Second, do you think the disrespectful person defines “respect” in the same way? What I consider to be respectful (or disrespectful) is likely very different from you, and very different across cultures, and even across different organizations! For example, individuals who grew up with cell phones and smart phones might not see texting in their sick notice or meeting cancellation as disrespectful: we’ve always had this technology to facilitate communication, and wouldn’t be bothered (or would even prefer) if someone else communicated to us in this way. However, someone who didn’t have the same learning history might think that having an actual phone call is more respectful. Therefore, the action of texting my colleague a meeting cancellation has no mal-intent, but may be perceived as offensive by someone else.
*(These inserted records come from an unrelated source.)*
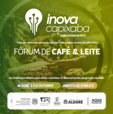 O Fórum Café & Leite, do Programa Inova Capixaba – Agricultura in Foco, vai tomar conta da cidade de Alegre no início do mês de outubro. A programação conta com uma série de propostas, soluções e tecnologias para setores chave da economia da região do Caparaó e do Sul do Estado.
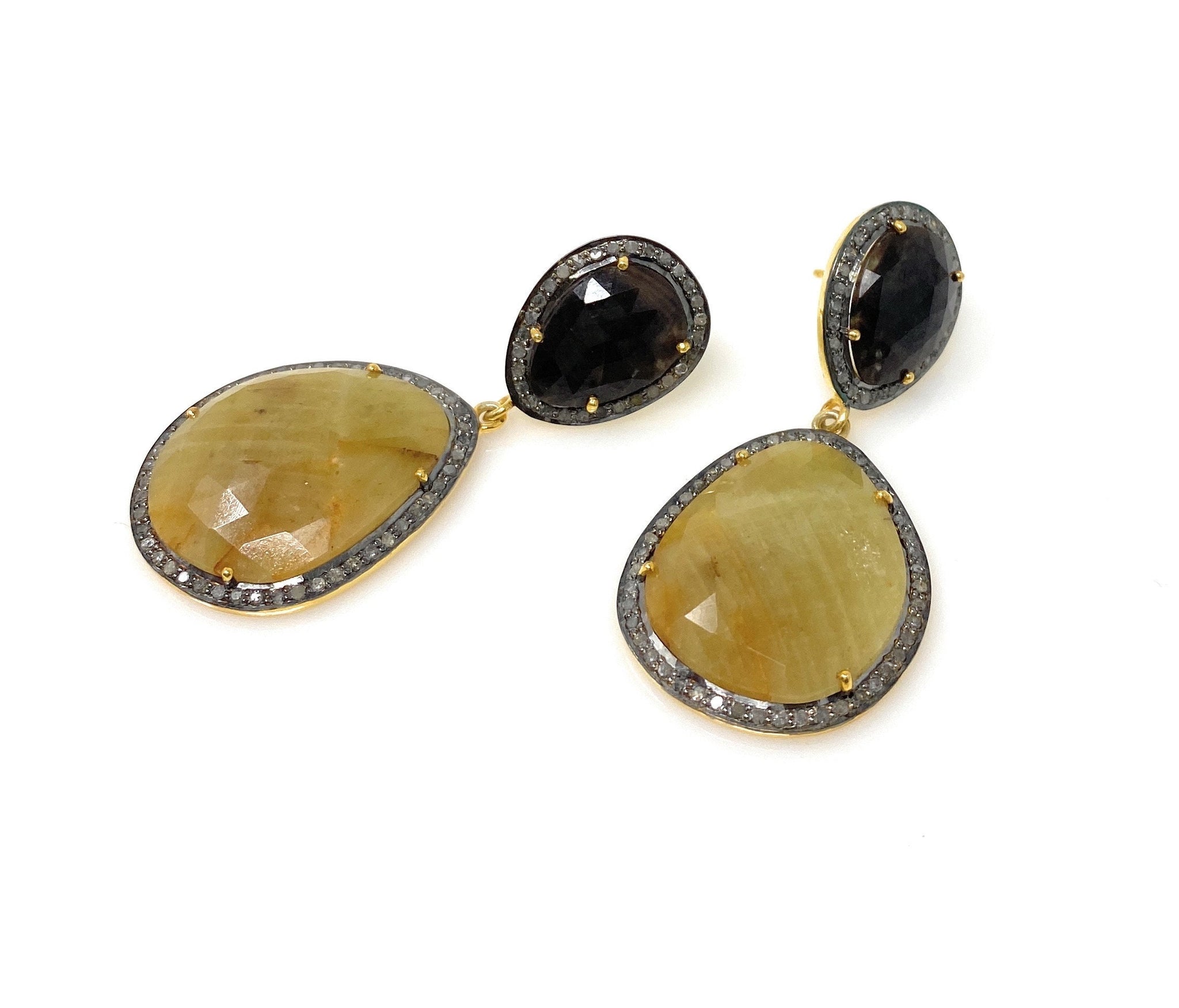 Rare Yellow Sapphire Pave Diamond Earrings, Yellow Sapphire and Smoky Fancy Sapphire Earrings, Genuine Gemstone Earrings
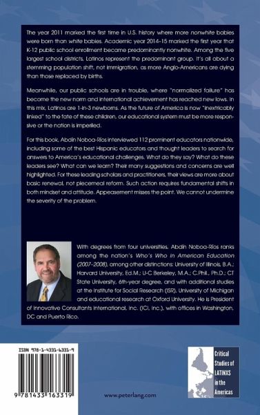 For this book, Abdín Noboa-Ríos interviewed 112 prominent educators nationwide, including some of the best Hispanic educators and thought leaders to search for answers to America's educational challenges. What do they say? What do these leaders see? What can we learn? Their many suggestions and concerns are well highlighted. For these leading scholars and practitioners, their views are more about basic renewal, not piecemeal reform. Such action requires fundamental shifts in both mindset and attitude. Appeasement misses the point. We cannot undermine the severity of the problem.
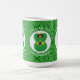 Zauberhafte Morphing-Tasse mit einem brasilianischen Engel, gekleidet in der Flagge von Brasilien, in einem weißen, Fraktal Kreis von quadratischen Quadrate. Der Kreis befindet sich auf einem grünen Fraktal mit quadratischen Quadraten. Fügen Sie einen Namen, Ferien und Jahr hinzu, um Ihre Tasse als Geschenk zu personalisieren oder Ihre Feriendekoration zu ergänzen. Schöne Weihnachtsdekoration. Design zeigt auf drei Seiten der Tasse. Verwenden Sie die Option "Design bearbeiten", um den Schriftart und/oder die Farbe des Namens, Feiertages und Jahres zu ändern.
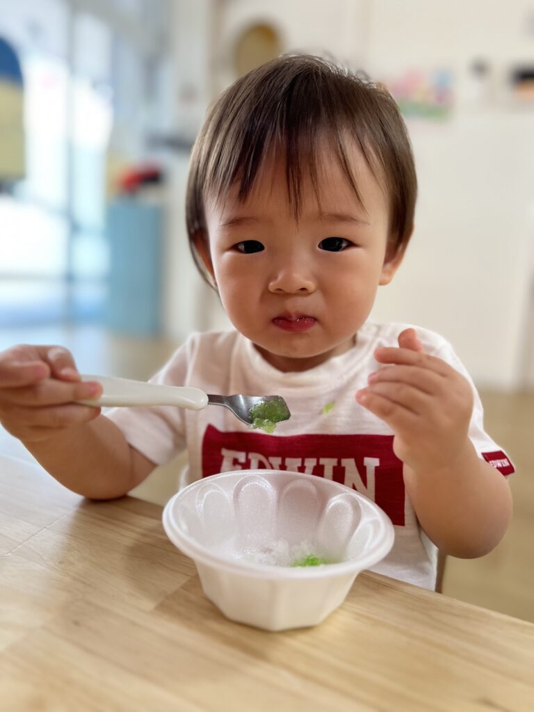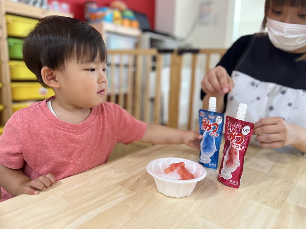 まだシロップを食べたことがない子はリンゴジュース🍎、ブドウジュース🍇から選びました♪
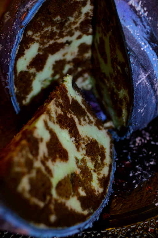 Внутри воздушный шоколадный бисквит на кипятке (на горьком шоколаде и какао) и мятное суфле :)
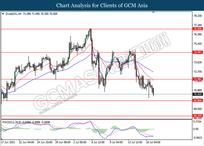 CrudeOIL, H4: Crude oil price was traded lower while currently testing the near support level 69.85. MACD which illustrate ongoing bearish momentum signal suggest the pair to extend its losses after it breaks below the support level.
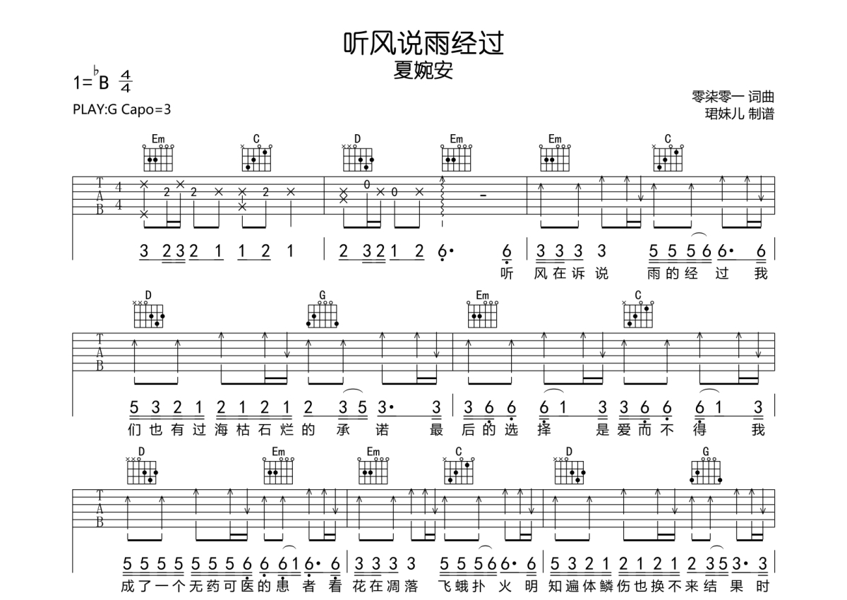 《听风说雨经过》是夏婉安演唱的一首歌曲,拍号为4/4拍,歌曲速度为每分钟84拍,歌曲原调为Bb调,但由于原调指法比较难,为了方便弹奏,本吉他谱采用的是G调指法编配,变调夹3品弹奏即为原调,当然也可以根据自己的音域改变变调夹位置,或者通过改变和弦调性,以方便自己弹奏,这份吉他谱共有两张高清图谱,图谱由 @珺妹儿 编配上传,图谱使用六线谱编配,包含吉他和弦指法、简谱以及歌词部分,使用这份听风说雨经过吉他谱,可以让你更加方便地掌握这首歌曲的弹唱技巧,快来尝试吧。
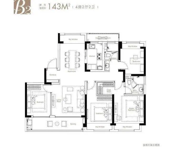 143㎡四房两厅两卫户型:
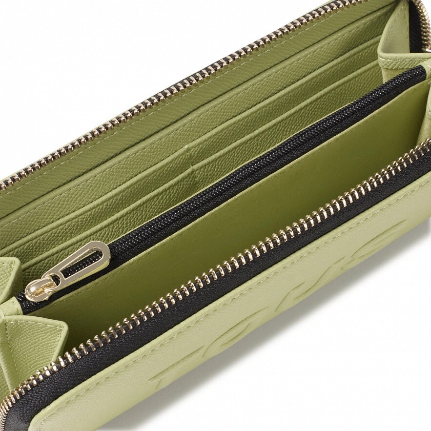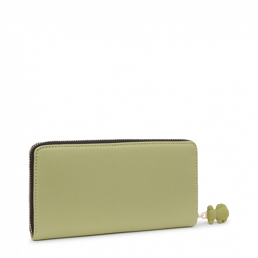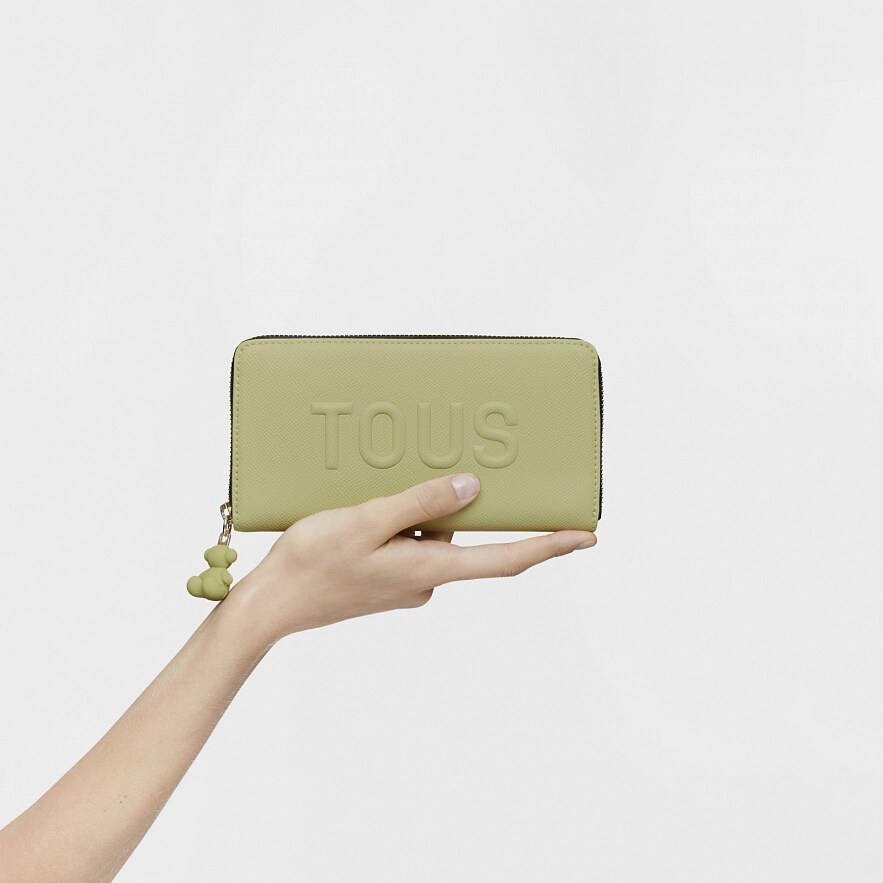 Кошелек TOUS La Rue New из искусственной кожи зеленого цвета. Закрывается на молнию. Внутри два открытых отделения для банкнот, отделение на молнии для монет и восемь слотов для карточек. Размеры (высота х ширина х глубина): 11 х 19,5 х 3 см.

This difference in operational definitions can often be linked to the tension and disagreements between leaders and employees within businesses, and the best way to get ahead of these miscommunications is to take the time to define what “respect” means in your organization. It’s often on the list of cultural values in businesses, but we need to know what “respect” actually looks like for our team. One of the best ways to nail down these definitions is to hold a focus group of employees from different backgrounds and learning histories, and challenge them to come to a consensus on what “respect” means. Have them give examples and non-examples of scenarios that demonstrate “respect”, and see the group agrees to these. Write down the list that everyone agrees to, and ensure that the behaviors are well-pinpointed: can multiple people agree whether the behavior has happened? Is there room for interpretation? Keep working until you have clarity and agreement, or at least a mutual understanding that this definition is what “respect” means once we walk through the doors of our organization, even if outside of the work environment, our interpretations and behaviors of “respect” change. Behavior, after all, is context-driven: what is reinforced in one environment might not be in another.

Now that you have definitions, examples, and non-examples, this needs to be communicated to the broad population of employees and ensure everyone understands (again, even if they don’t agree). Create your policy or value statement on employee respect, put in in your employee handbook, send out an email update, and (for extra assurance) require a response to ensure it has been received and is understood. A technique I’ve used is to provide a short quiz on the policy (a la Google Forms), and use the scenarios we discussed as a learning opportunity: does this example meet our definition of respect at X Org? This will have employees thinking critically and demonstrating that the definitions are clear. Then, revisit the definition periodically with employees to keep these behaviors on the forefront of the culture.

After defining and communicating, as a leader your next step is to model the behaviors in your actions everyday. Show employees how it’s done. Make a concerted effort to integrate those “respectful” behaviors into every interaction. Nothing undermines an effort like this more than leaders in the organization behaving as if these policies and values are only for front-line employees. And if (WHEN) you do make an error, own it. Have a frank conversation with your employees, describe what behavior you engaged in that was a poor example of “respect”, and what you should have done instead and will do in the future. This doesn’t need to be a long staff-meeting-style disclosure; as long as you touch upon the “What? So what? Now what?” (see the Critical Reflection framework for more info on this model) to the employees that observed the discretion, you’ll be good to go.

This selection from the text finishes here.